In search for a better solution
IMO this is a compromise, not an ideal solution as reducing EDC will reduce the CPU max clock speed; my python app is running ~10% slower
I'm new to this, if reducing EDC fixes the frequent crashing problem, does it mean that the underlying cause of those crashes were exceedingly high peak ("spike") current or voltage fluctuation triggered from the motherboard or CPU?
To AMD experts and users who fixed similar problems - Am i missing anything? is there a better solution to fix frequent black screen crashes?
------------------------
More details on my troubleshooting journey
Hardware troubleshooting
After trying various fixes and swapping my hardware, the problem still persist. Here's what i did -
Reformat and clean install of windows 11
Updated my BIOs and motherboard broke with persistent red light (not sure if this problem is related)

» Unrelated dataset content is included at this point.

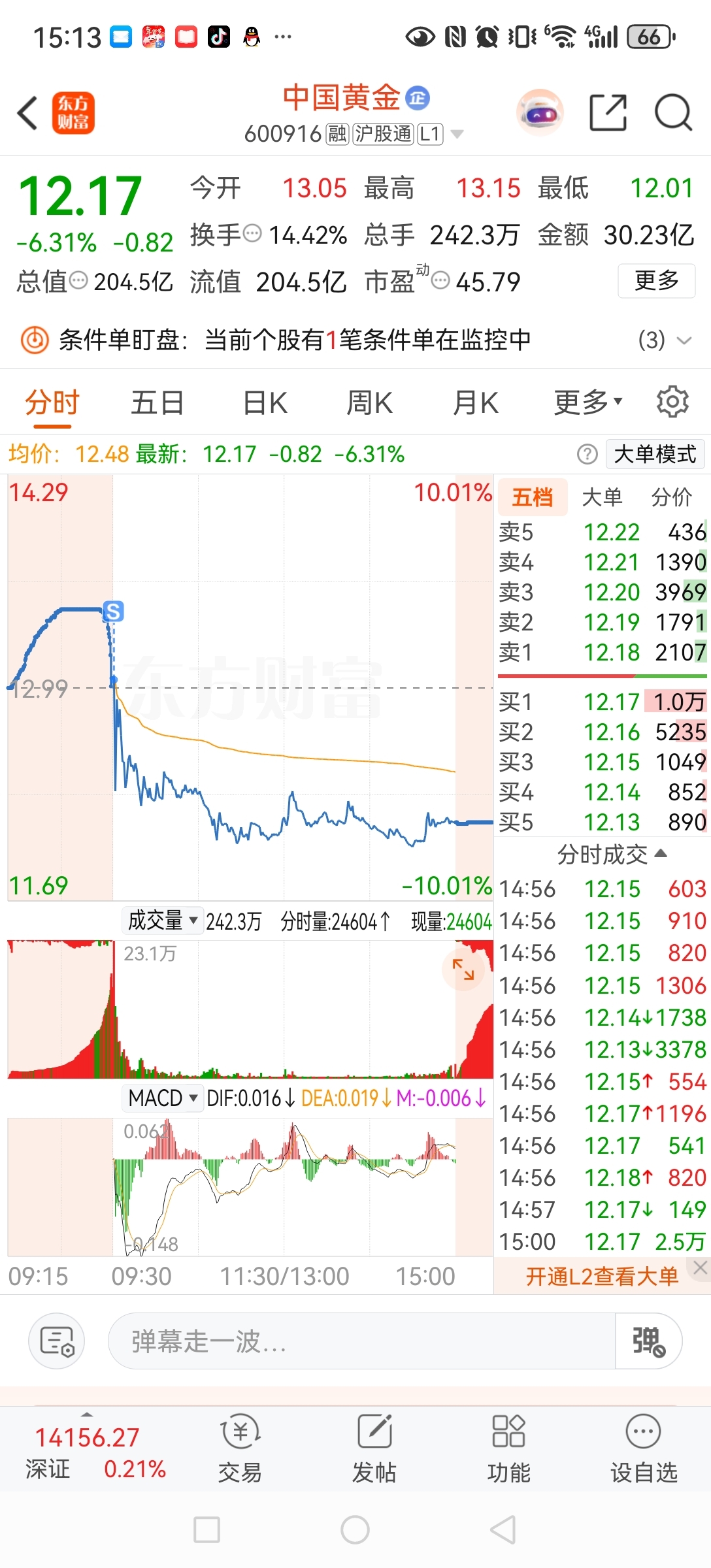 $中国黄金(SH600916)$ 兄弟们我先撤了

RMA and got a new motherboard with latest Bios
RMA and got a new CPU
Bought a new PSU, upgraded Silverstone 500W to Cosair SF750
Reseated my Ram, tested with single ram and double ram in all combinations
Tested with both onboard graphic and my external 1070 gpu
Tested both stock fan wraith prism fan and Noctua NH-L12S
I suspect ram incompatibility, but g.skill flare x5 is listed as a compatible ram on Asus B650e-i website. I prefer not to buy another pair of ram to test unless I'm certain this is the problem.
Software troubleshooting
Bios - Tried all AMD expo profiles. Doesn't work
Bios - Enable/disable Memory Context Restore and Power Down Enable settings. Doesn't work
Bios - Disable Power Supply Idle Control. Reduce crash frequency, but PC will still crash within 1-2 hours usage.
Bios - Disable Global c-state control. Reduce crash frequency, but PC will still crash within 1-2 hours usage.
Bios - Disable Precision Boost Overdrive
Windows - Installed the latest hardware drivers
Windows - Disabled all sleep options
Windows - Disabled onboard GPU in device driver
Windows - Did not install Asus Crate in windows (i read that crate may cause crashes).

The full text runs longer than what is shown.